§ **Information shown**:

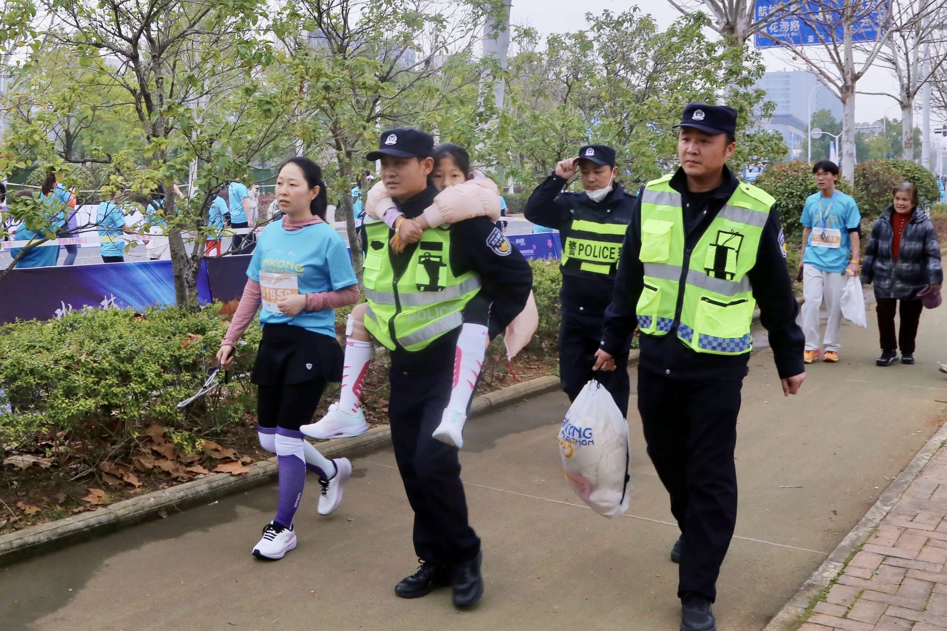 “您好,可以幫我聯(lián)系一輛救護車嗎?”8時40分許,法制大隊民警李超及輔警吳洋、王吉彪在執(zhí)勤時,遇到一位焦急的母親江女士求助。原來,江女士8歲的女兒晶晶在參加健康跑時不慎摔倒,膝蓋受傷,疼痛難忍。李超迅速聯(lián)系120救護車,并協(xié)助醫(yī)護人員為晶晶進行傷口處理。考慮到晶晶行動不便,李超主動提出背她前往停車區(qū)。由于停車區(qū)距離較遠,李超和吳洋、王吉彪輪流背起晶晶,徒步近一公里,最終將母女倆安全護送至車輛旁。臨別時,江女士連連道謝:“太感謝你們了,要不是你們幫忙,我真不知道該怎么辦!”
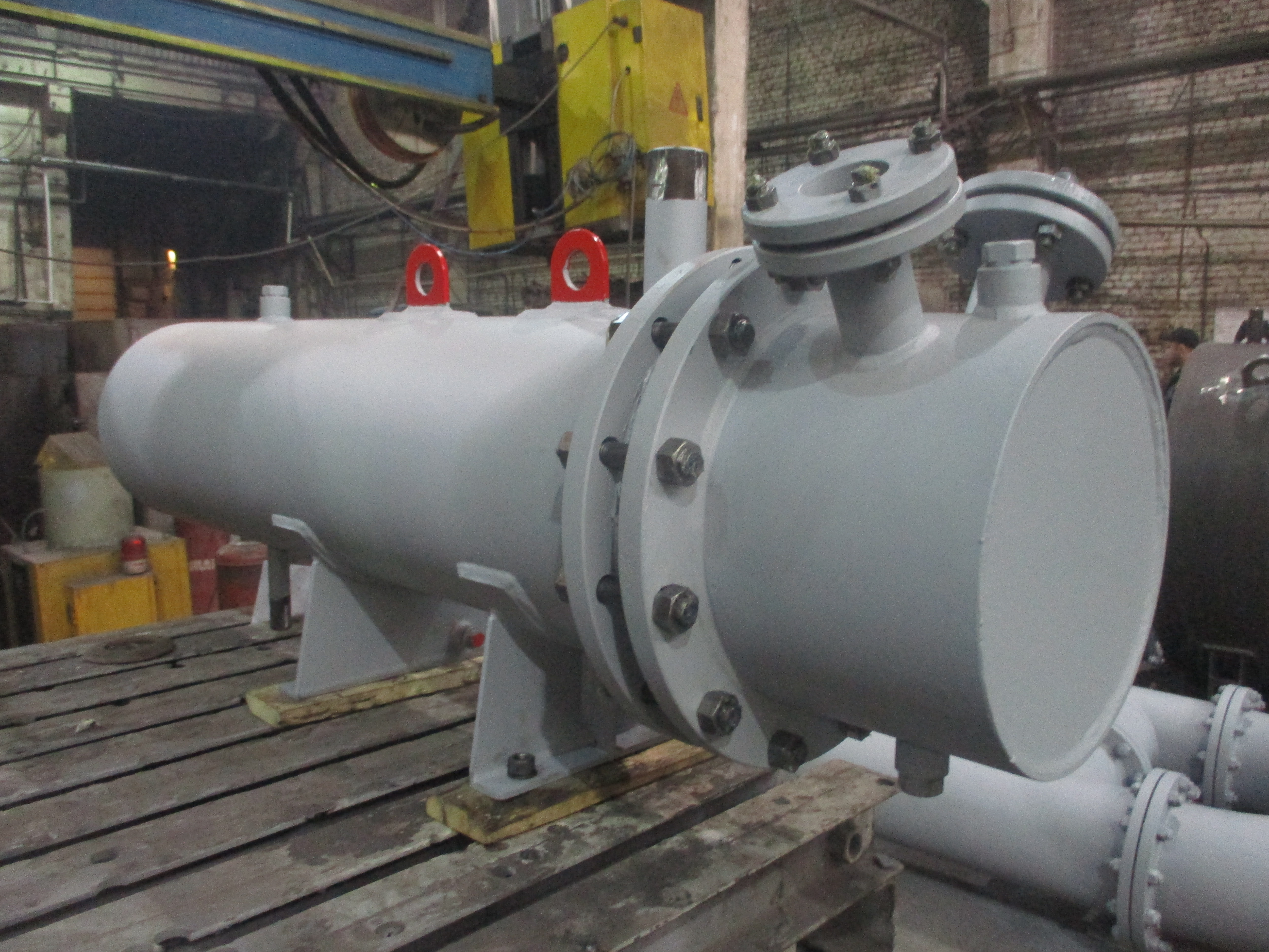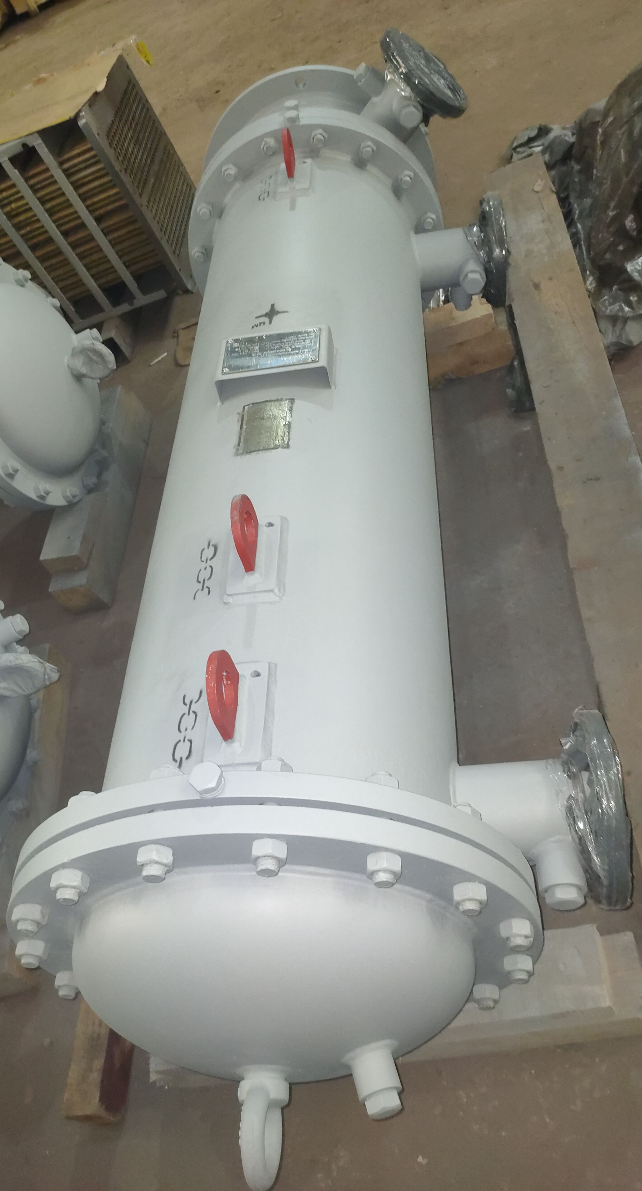 Охладитель конденсата (воды) по конструктиву представляет собой кожухотрубчатый теплообменник горизонтального или вертикального типа, состоящий из корпуса, трубной системы, съемных камер. Трубная система состоит из трубных досок с прямыми гладкими трубками из латуни или черной стали. В охладителях ОВ-40М и ОВ-150-3А трубные пучки состоят из U-образных труб.
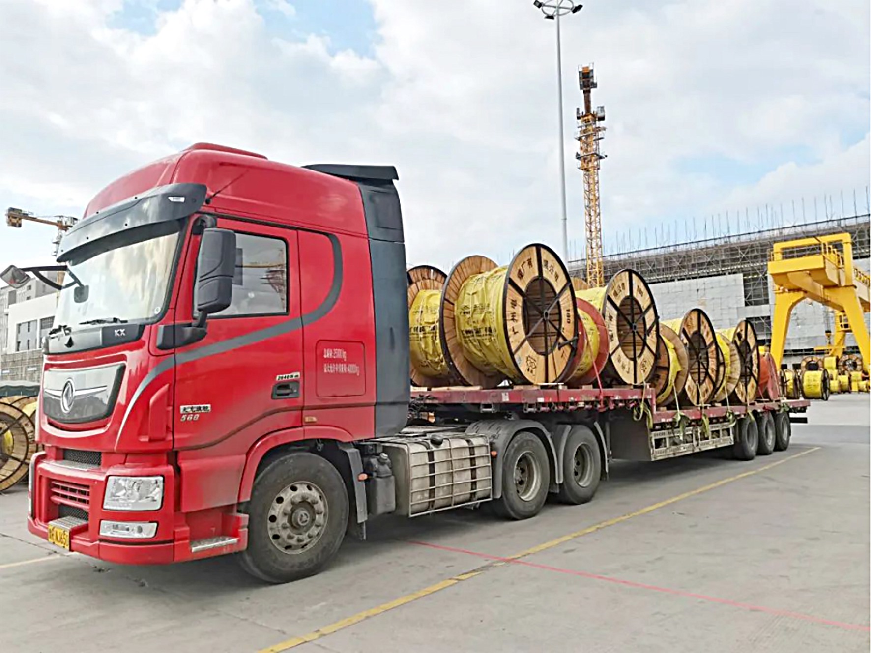 ▲开工首日,第一批线缆运往项目建设现场
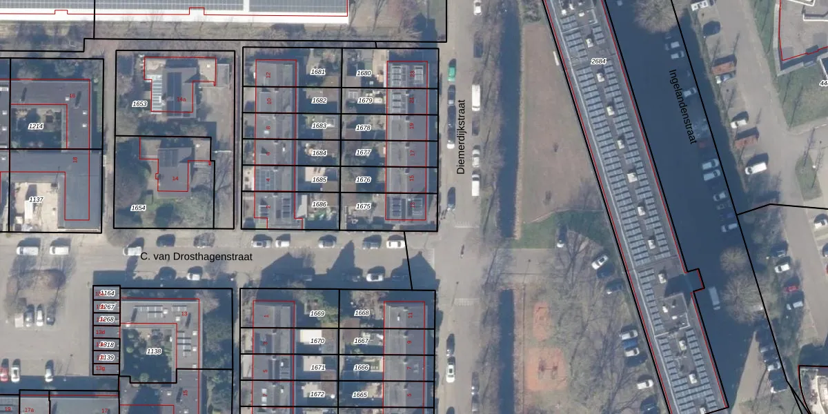 Het perceel waarop Diemerdijkstraat 13 staat heeft een oppervlakte van 218 m². Dit is een middelgroot perceel. De perceeloppervlakte wordt geregistreerd door het Kadaster. Gedetailleerde informatie over de maten van dit perceel kunt u vinden in het rapport Kadastrale kaart met maatvoering van Diemerdijkstraat 13.
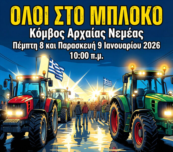 Σήμερα Πέμπτη 8 και την Παρασκευή 9 Ιανουαρίου 2026, στις 10:00 το πρωί, ενισχύουμε μπλόκο στον κόμβο της Αρχαίας Νεμέας και απευθύνουμε ανοιχτό, ξεκάθαρο και δημόσιο κάλεσμα συμπαράστασης:
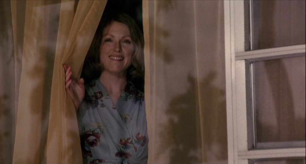 1951, Los Angeles: Laura Brown, madre di Richard, moglie casalinga in dolce attesa di Dan, il perfetto marito devoto della perfetta bambolina, che però è intrappolata in un’infelicità infarcita di tinte pastello e strazianti festoni echeggianti “happy birthday”, si sveglia, legge un libro – Mrs Dalloway – prepara due torte di compleanno, incontra un’amica, porta il figlio da una vicina perché ha delle commissioni da sbrigare e se ne va in un hotel, perché vuole farla finita – si sente affogare, un po’ come accadrà poi a Virginia, ma per davvero – e invece non ce la fa, ma prende una decisione importante, il suo destino le diventa chiaro – dopo la nascita della secondogenita lascerà la sua famiglia, perché «lì c’era la morte, e io ho scelto la vita», spiega – e poi torna a casa, a finire la sua giornata disperata, e anche su di lei cala la notte senza conforto.

§ **What you have to do**: Could you copy each line above exactly as written, minus any pictures?

§ **Reply to the task**:
 “您好,可以幫我聯(lián)系一輛救護車嗎?”8時40分許,法制大隊民警李超及輔警吳洋、王吉彪在執(zhí)勤時,遇到一位焦急的母親江女士求助。原來,江女士8歲的女兒晶晶在參加健康跑時不慎摔倒,膝蓋受傷,疼痛難忍。李超迅速聯(lián)系120救護車,并協(xié)助醫(yī)護人員為晶晶進行傷口處理。考慮到晶晶行動不便,李超主動提出背她前往停車區(qū)。由于停車區(qū)距離較遠,李超和吳洋、王吉彪輪流背起晶晶,徒步近一公里,最終將母女倆安全護送至車輛旁。臨別時,江女士連連道謝:“太感謝你們了,要不是你們幫忙,我真不知道該怎么辦!”
 Охладитель конденсата (воды) по конструктиву представляет собой кожухотрубчатый теплообменник горизонтального или вертикального типа, состоящий из корпуса, трубной системы, съемных камер. Трубная система состоит из трубных досок с прямыми гладкими трубками из латуни или черной стали. В охладителях ОВ-40М и ОВ-150-3А трубные пучки состоят из U-образных труб.
 ▲开工首日,第一批线缆运往项目建设现场
 Het perceel waarop Diemerdijkstraat 13 staat heeft een oppervlakte van 218 m². Dit is een middelgroot perceel. De perceeloppervlakte wordt geregistreerd door het Kadaster. Gedetailleerde informatie over de maten van dit perceel kunt u vinden in het rapport Kadastrale kaart met maatvoering van Diemerdijkstraat 13.
 Σήμερα Πέμπτη 8 και την Παρασκευή 9 Ιανουαρίου 2026, στις 10:00 το πρωί, ενισχύουμε μπλόκο στον κόμβο της Αρχαίας Νεμέας και απευθύνουμε ανοιχτό, ξεκάθαρο και δημόσιο κάλεσμα συμπαράστασης:
 1951, Los Angeles: Laura Brown, madre di Richard, moglie casalinga in dolce attesa di Dan, il perfetto marito devoto della perfetta bambolina, che però è intrappolata in un’infelicità infarcita di tinte pastello e strazianti festoni echeggianti “happy birthday”, si sveglia, legge un libro – Mrs Dalloway – prepara due torte di compleanno, incontra un’amica, porta il figlio da una vicina perché ha delle commissioni da sbrigare e se ne va in un hotel, perché vuole farla finita – si sente affogare, un po’ come accadrà poi a Virginia, ma per davvero – e invece non ce la fa, ma prende una decisione importante, il suo destino le diventa chiaro – dopo la nascita della secondogenita lascerà la sua famiglia, perché «lì c’era la morte, e io ho scelto la vita», spiega – e poi torna a casa, a finire la sua giornata disperata, e anche su di lei cala la notte senza conforto.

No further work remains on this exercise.